Bahçeli, 26 Kasım 2009'da Çanakkale'nin Bayramiç, 15 Aralık 2009'da Muş'un Bulanık ilçelerinde, 3 Ocak 2010'da Edirne TEM Otoyolu girişinde, 5 Ocak 2010'da Mersin Akdeniz ilçesinde ve 6 Ocak 2010 tarihinde Manisa Selendi ilçesinde yaşanan talihsiz olayların bir kez de bu yönüyle değerlendirilmesini istedi.
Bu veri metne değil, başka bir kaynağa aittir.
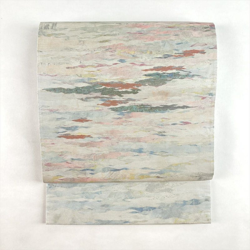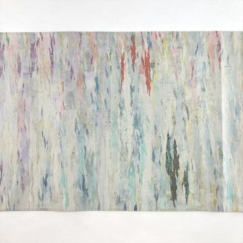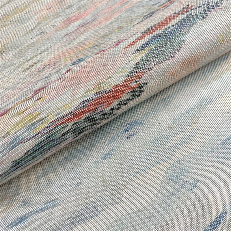 銀や薄水色の上品な色調に、紀州螺鈿の輝きが美しく映える六通袋帯。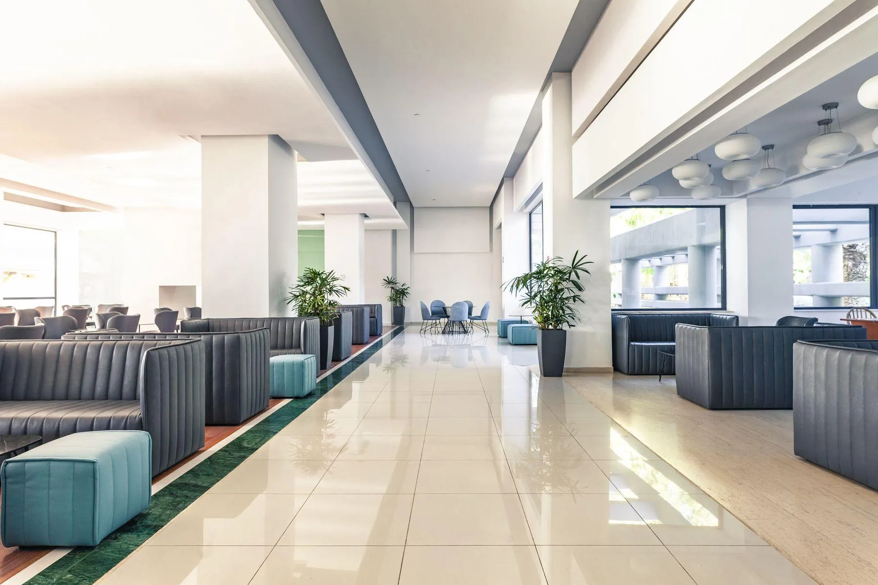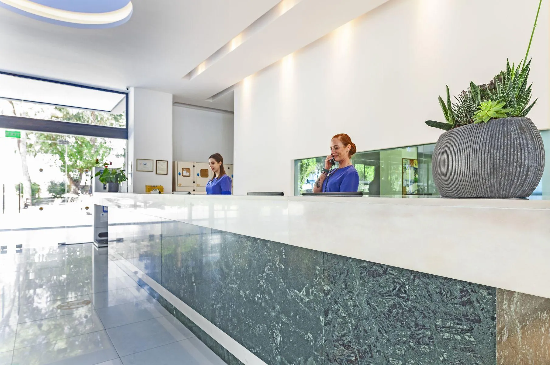 Partially renovated in 2023, the 4-storey resort consists of a main building and 2 adjoining buildings, and has 317 rooms in total. It offers its guests a 24h reception (check-in from 14:00, check-out until 12:00), a lobby with bar, 5 lifts, air conditioning, coiffeur, a mini market, various other shops and a free parking area. For the meals, there are three restaurants (air-conditioned) and a snack bar. In a total 3 bars, you can relax in good company. WiFi is available for free. Room cleaning is free of charge. Room service, laundry service and medical service are available for a fee. Pool: In the outdoor area of the hotel you will find 3 fresh water pools with a children´s pool. Here, there are sun umbrellas and sun loungers for free available. Refreshing beverages can be consumed directly at the pool bar (open from 10:00 - 23:30).

Bahçeli, "Ne üzücüdür ki, en küçük bir tartışmanın bile hızla kitleselleşerek toplumun birbirine karşı düşmanca davranmasına neden olacak bu tehlikeli vasat hükümetin tahrikleriyle hazır halegetirilmiştir. Bu ne Bayramiçli'nin, ne Bulanıklı'nın, ne Akdenizli'nin ne de Selendili'nin öncelikli suçu ve ayıbıdır. Bu doğrudan doğruya etnik ayrımcılığı misyon belleyen, cahiliye dönemi kabile zihniyetine takılıp kalmış, kimlik kışkırtıcılığı yapan AK Parti hükümetinin ayıbı, suçu ve sorumluluğudur. Milliyetçi Hareket Partisi, hiçbir vatandaşımızın barınma, iskan, iş ve aş arama, eğitim ve sağlık gibi temel hayat ihtiyaçlarının kendi hür iradesi dışında zorlamalara maruz kalmasını ve tercihlerineipotek konulmasını asla hoş görmez. Ve özellikle bunun, sahip olduğu köken veya mezhep nedeniyle ayrımcılığa uğramasını, baskı ve zorlama görmesini asla kabul etmez" dedi.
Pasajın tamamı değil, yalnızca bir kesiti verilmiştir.